Technical indicators suggest a strong short-term reversal is in play. The RSI reading is deeply oversold, and the 30-day average is now within striking distance, suggesting a potential rebound. The MACD’s negative but narrowing histogram indicates that bearish momentum is waning. Additionally, call options at the 170-strike and 167.5-strike show high leverage ratios and solid implied volatility, making them appealing for aggressive bulls aiming to capture the next move. Leveraged ETFs like OPEX and OPEG could offer alternative ways to play the broader sector move, particularly if the rally continues into the following week.

• DASH20260327C170 (call) – Code: DASH20260327C170, Strike: 170, Expiration: 2026-03-27, IV: 48.66%, Leverage: 160.13%, Delta: 0.2014, Theta: -0.5361, Gamma: 0.0305, Turnover: 25,877
- IV (Implied Volatility): High, indicating expectations of a large move
- Leverage: Strong upside potential if the stock breaks the 170 level
- Delta: Sensitive to mid-level price changes
- Theta: Significant time decay, indicating urgency to act
- Gamma: Responsive to price swings, ideal for volatile setups
- Turnover: High, showing active trading and liquidity
- If Doordash continues its upward trajectory, this call could see a strong payoff. At a 5% upside (162.09 to 170.14), the payoff is max(0, 170.14 - 170) = $0.14 per contract, potentially translating to 700x+ returns if volume continues to support the move.

DASH20260327C167.5DASH20260327C167.5-- (call) – Code: DASH20260327C167.5, Strike: 167.5, Expiration: 2026-03-27, IV: 45.21%, Leverage: 119.80%, Delta: 0.2661, Theta: -0.6469, Gamma: 0.0384, Turnover: 5,353
- IV: Solid, reflecting moderate conviction in a move
- Leverage: High for aggressive bullish setups
- Delta: Moderate sensitivity to price changes
- Theta: High time decay, reinforcing the urgency
- Gamma: Sensitive to movement, ideal for a breakout play
- Turnover: Reasonably active, indicating market interest
- This contract is positioned well to benefit from a sustained move above $167.50. At a 5% upside, the payoff is max(0, 170.14 - 167.5) = $2.64 per contract, a strong return for the small initial premium paid.
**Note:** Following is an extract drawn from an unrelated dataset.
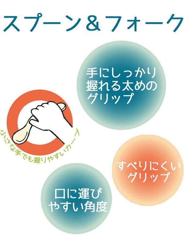 ・スプーンの先端が斜め形状のため、お子様が食べ物をを口に運びやすくなっています。

Given the combination of oversold technicals, strong options flow, and a favorable risk/reward profile, aggressive bulls may consider DASH20260327C167.5 and DASH20260327C170 for a near-term breakout trade. These calls offer substantial leverage while aligning with the stock's technical reversal signals.
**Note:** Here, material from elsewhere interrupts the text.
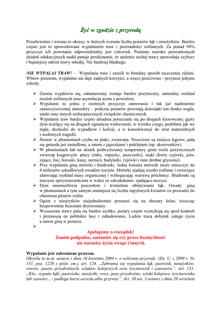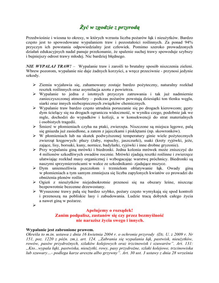 ŻŻyyćć w w zzggooddzziiee zz pprrzzyyrrooddąą Przedwiośnie i wiosna to okresy, w których wzrasta liczba pożarów łąk i nieużytków. Bardzo często jest to spowodowane wypalaniem traw i pozostałości roślinnych. Za ponad 94% przyczyn ich powstania odpowiedzialny jest człowiek. Pomimo szeroko prowadzonych działań edukacyjnych nadal panuje przekonanie, że spalenie suchej trawy spowoduje szybszy i bujniejszy odrost trawy młodej. Nic bardziej błędnego. NIE WYPALAJ TRAW! – Wypalanie traw i zarośli to brutalny sposób niszczenia zieleni. Wbrew pozorom, wypalanie nie daje żadnych korzyści, a wręcz przeciwnie - przynosi jedynie szkody. Ziemia wyjaławia się, zahamowany zostaje bardzo pożyteczny, naturalny rozkład resztek roślinnych oraz asymilacja azotu z powietrza. Wypalanie to jedna z istotnych przyczyn zatruwania i tak już nadmiernie zanieczyszczonej atmosfery – podczas pożarów powstają dziesiątki ton tlenku węgla, siarki oraz innych niebezpiecznych związków chemicznych. Wypalanie traw bardzo często utrudnia poruszanie się po drogach kierowcom; gęsty dym ścielący się na drogach ogranicza widoczność, w wyniku czego, podobnie jak we mgle, dochodzi do wypadków i kolizji, a w konsekwencji do strat materialnych i osobistych tragedii. Śmierć w płomieniach czyha na ptaki, zwierzęta. Niszczone są miejsca lęgowe, palą się gniazda już zasiedlone, a zatem z jajeczkami i pisklętami (np. skowronków). W płomieniach lub na skutek podwyższonej temperatury ginie wiele pożytecznych zwierząt kręgowych: płazy (żaby, ropuchy, jaszczurki), ssaki (krety ryjówki, jeże, zające, lisy, borsuki, kuny, nornice, badylarki, ryjówki i inne drobne gryzonie). Przy wypalaniu giną mrówki i biedronki. Jedna kolonia mrówek może zniszczyć do 4 milionów szkodliwych owadów rocznie. Mrówki zjadają resztki roślinne i zwierzęce ułatwiając rozkład masy organicznej i wzbogacając warstwę próchnicy. Biedronki są naszymi sprzymierzeńcami w walce ze szkodnikami- zjadające mszyce. Dym uniemożliwia pszczołom i trzmielom oblatywanie łąk. Owady giną w płomieniach a tym samym zmniejsza się liczba zapylonych kwiatów co prowadzi do obniżenia plonów roślin. Ogień z nieużytków niejednokrotnie przenosi się na obszary leśne, niszcząc bezpowrotnie bezcenne drzewostany. Wysuszone trawy palą się bardzo szybko, pożary często wymykają się spod kontroli i przenoszą na pobliskie lasy i zabudowania. Ludzie tracą dobytek całego życia a nawet giną w pożarze. Apelujemy o rozsądek! Zanim podpalisz, zastanów się czy przez bezmyślność nie narazisz życia swego i innych. Wypalanie jest zabronione prawem. Określa to m.in. ustawa z dnia 16 kwietnia 2004 r. o ochronie przyrody (Dz. U. z 2009 r. Nr 151, poz. 1220 z późn. zm.), art. 124. „Zabrania się wypalania łąk, pastwisk, nieużytków, rowów, pasów przydrożnych, szlaków kolejowych oraz trzcinowisk i szuwarów”. Art. 131: „Kto...wypala łąki, pastwiska, nieużytki, rowy, pasy przydrożne, szlaki kolejowe, trzcinowiska lub szuwary…- podlega karze aresztu albo grzywny”. Art. 30 ust. 3 ustawy z dnia 28 września 1991 r. o lasach (Dz. U. z 2011 r. Nr 12, poz. 59 z późn. zm.)"w lasach oraz na terenach śródleśnych, jak również w odległości do 100m od granicy lasu, zabrania się działań i czynności mogących wywołać niebezpieczeństwo, a w szczególności: 1. rozniecenia poza miejscami wyznaczonymi do tego celu przez właściciela lasu lub nadleśniczego, 2. korzystania z otwartego płomienia, 3. wypalania wierzchniej warstwy gleby i pozostałości roślinnych”. Ustawa z dnia 2 grudnia 1994 r. - Kodeks wykroczeń. Za wykroczenia tego typu grożą surowe sankcje: Art. 82 ustawy z dnia 20 maja 1971r. Kodeksu wykroczeń (Dz. U. z 2010 r. Nr 46, poz. 275 z późn. zm.) – kara aresztu, nagany lub grzywny, której wysokość w myśl art. 24, § 1 może wynosić od 20 do 5000 zł. Art. 163. § 1 ustawy z dnia 6 czerwca 1997 r. Kodeks karny (Dz. U. z 1997r. Nr 88 poz. 553 ze zmianami) stanowi: „Kto sprowadza zdarzenie, które zagraża życiu lub zdrowiu wielu osób albo mieniu w wielkich rozmiarach, mające postać pożaru, podlega karze pozbawienia wolności od roku do lat 10” W walkę ze zjawiskiem wiosennego wypalania traw włączyła się także Unia Europejska. Założenia polityki rolnej UE regulują między innymi zagadnienia ochrony środowiska w rolnictwie. Jednym z narzędzi umożliwiających dokonywanie pozytywnych przemian w tym sektorze jest system dopłat bezpośrednich. Ta forma wsparcia unijnego, zobowiązuje użytkownika gruntów do ich utrzymania zgodnie z normami tzn. w dobrej kulturze rolnej - art. 7 ust. 1 pkt 2a Ustawa z dnia 26 stycznia 2007 r. o płatnościach w ramach systemów wsparcia bezpośredniego (Dz.U. z 2008 r. Nr 170, poz. 1051 z późn. zm.) NIE ZRYWAJ KWIATÓW POD OCHRONĄ! – Celem ochrony roślin jest zachowanie różnorodności biologicznej i stabilności ekosystemów. Z każdym rokiem, w wyniku nierozważnej działalności człowieka, szereg gatunków roślin znika z powierzchni ziemi. Wiele gatunków roślin wyginęło już bezpowrotnie z naszego otoczenia w związku z tym musimy robić wszystko, by powstrzymać degradację środowiska i ocalić gatunki, którym grozi wyginięcie. Należy pamiętać, że znajdują się one nie tylko w zamkniętych rezerwatach przyrody, ale bardzo często rosną wokół nas. Pełny spis roślin objętych ochroną znajduje się w Polskiej Czerwonej Księdze Roślin. Gatunków chronionych nie wolno niszczyć, zrywać, zbierać, niszczyć ich siedlisk, sprzedawać, nabywać. Rodzicu – Wybierając się na wiosenne spacery pamiętaj że, krokusy, przebiśniegi, przylaszczki, konwalie, zawilce i sasanki są pod ochroną. http://www.straz.gov.pl http://pl.wikipedia.org/wiki/Ochrona_gatunkowa http://pl.wikipedia.org/wiki/Lista_gatunk opracowała mgr M. M. Świderska

Backtest Doordash Stock Performance
The backtest of DASH's performance following a 3% intraday increase from 2022 to the present shows favorable results. The 3-day win rate is 58.05%, the 10-day win rate is 65.65%, and the 30-day win rate is 66.87%, indicating a higher probability of positive returns in the short term. The maximum return during the backtest was 8.05%, which occurred on day 59, suggesting that DASHDASH-- can deliver decent gains even after the initial 3% surge.
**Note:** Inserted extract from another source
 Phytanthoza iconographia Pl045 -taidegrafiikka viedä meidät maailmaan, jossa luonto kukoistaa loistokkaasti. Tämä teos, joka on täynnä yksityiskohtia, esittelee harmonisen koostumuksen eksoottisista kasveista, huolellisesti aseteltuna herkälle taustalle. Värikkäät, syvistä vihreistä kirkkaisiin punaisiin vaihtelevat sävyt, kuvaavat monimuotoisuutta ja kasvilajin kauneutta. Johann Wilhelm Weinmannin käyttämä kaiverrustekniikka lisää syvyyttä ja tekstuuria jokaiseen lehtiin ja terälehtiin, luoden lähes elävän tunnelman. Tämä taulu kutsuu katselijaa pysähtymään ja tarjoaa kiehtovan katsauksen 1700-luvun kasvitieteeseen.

Breakout Playbook: Capitalize on a Bullish Setup Before Expiry
Doordash’s sharp intraday rally has created a compelling short-term setup for bulls. With oversold technicals, a narrowing MACD, and strong options activity at key strike prices, the next 48 hours could see a decisive move in the stock. The DASH20260327C167.5 and C170 calls are particularly attractive for traders looking to take advantage of a potential breakout. Meanwhile, sector leader Amazon (AMZN) continues to climb at 2.64%, adding further momentum to the theme. Investors should closely monitor the 167.5–170 level, as a sustained break above this range could trigger a cascade of bullish options and ETF activity. With expiry looming, now is the time to act decisively.

TickerSnipe provides professional intraday stock analysis using technical tools to help you understand market trends and seize short-term trading opportunities.